In two weeks, the California Apartment Association will argue for an early ruling on key parts of its legal challenge to Alameda County’s ongoing COVID-19 eviction moratorium.

CAA’s motion for summary judgment, filed in July, asserts that Judge Laurel Beeler has enough evidence at hand to decide in the plaintiff’s favor on the “facial” claims, or some of the baseline legal questions, in the case.

The leadup to the Sept. 29 hearing has produced a volley of briefs from both CAA and defendant Alameda County. This week, CAA filed a brief in response to Alameda County’s opposition to summary judgment.

CAA’s motion argues that the county’s continued eviction moratorium effects a physical taking of rental housing owners’ property in violation of the U.S. Constitution and that the moratorium violates the Ellis Act, California’s law enshrining the right of landlords to terminate a tenancy to leave the rental housing business.

The county – though certainly not conceding that the moratorium infringes on owners’ property rights – largely sidesteps the issue and instead asserts that to the issue is too complex to be decided as a facial claim and should be litigated as an “as applied” claim, with the specific facts of how each owner is affected considered rather than a ruling being made as to the moratorium as a whole.

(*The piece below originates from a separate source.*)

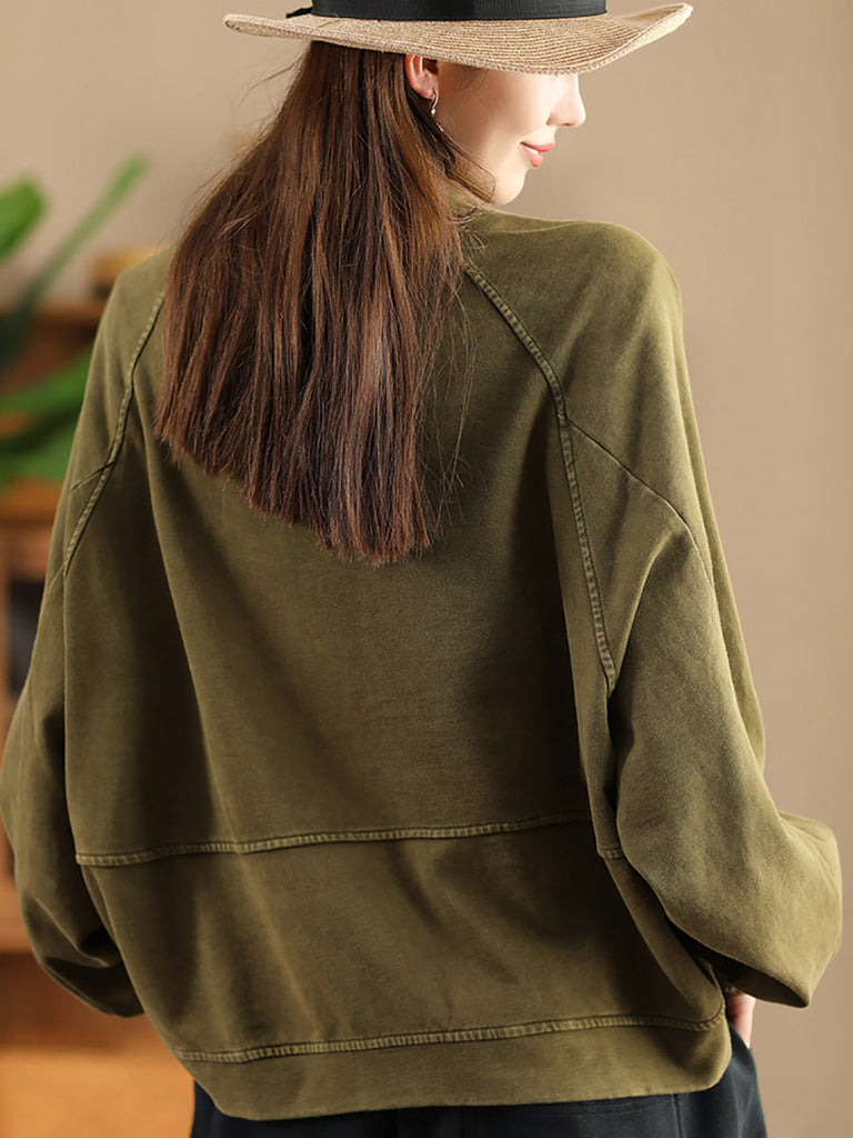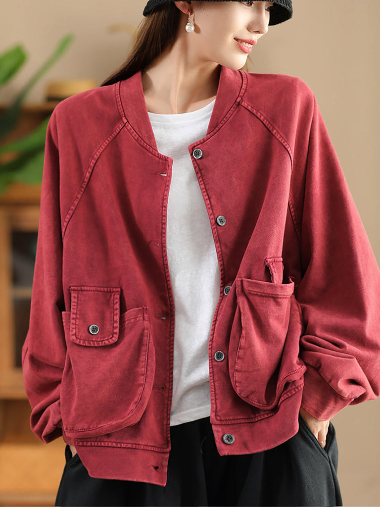 Women Retro Pure Color Stand Collar Pocket Cotton Coat AX1008

While CAA pleaded both facial and as-applied claims in its lawsuit, only the facial claims are being considered by the court as part of this initial round of motions.

Most surprising was the county’s defense to CAA’s claim that the moratorium unlawfully prohibits owners from exercising their rights under the Ellis Act in cases where the tenant has a COVID hardship. Rather than attempt to defend that position, the county – for the first time – argued that the moratorium doesn’t actually prohibit Ellis Act evictions.

The only problem with the county’s position is that it’s false. While the moratorium itself is no model of clarity, as CAA’s reply brief details, there’s no other way to make sense of its overlapping provisions. Most striking, though, is that the county itself has been telling landlords and tenants for years — in published guidance — that if a tenant has a COVID hardship they cannot be evicted and there are no exceptions.

Briefs also have been filed in the companion case to CAA’s challenge, Williams v. County of Alameda. In that case, the city of Oakland and Alliance of Californians for Community Empowerment (ACCE) filed briefs in opposition, and the Berkeley Rent Stabilization Board and East Bay Community Law Center have asked the court to allow the filing of amicus briefs.

The court now has a couple weeks to review all filings before the hearing. Though it’s possible the judge could rule on the motions at the hearing, the more likely outcome will be that the matter will be taken under submission with a written ruling issued in the following weeks.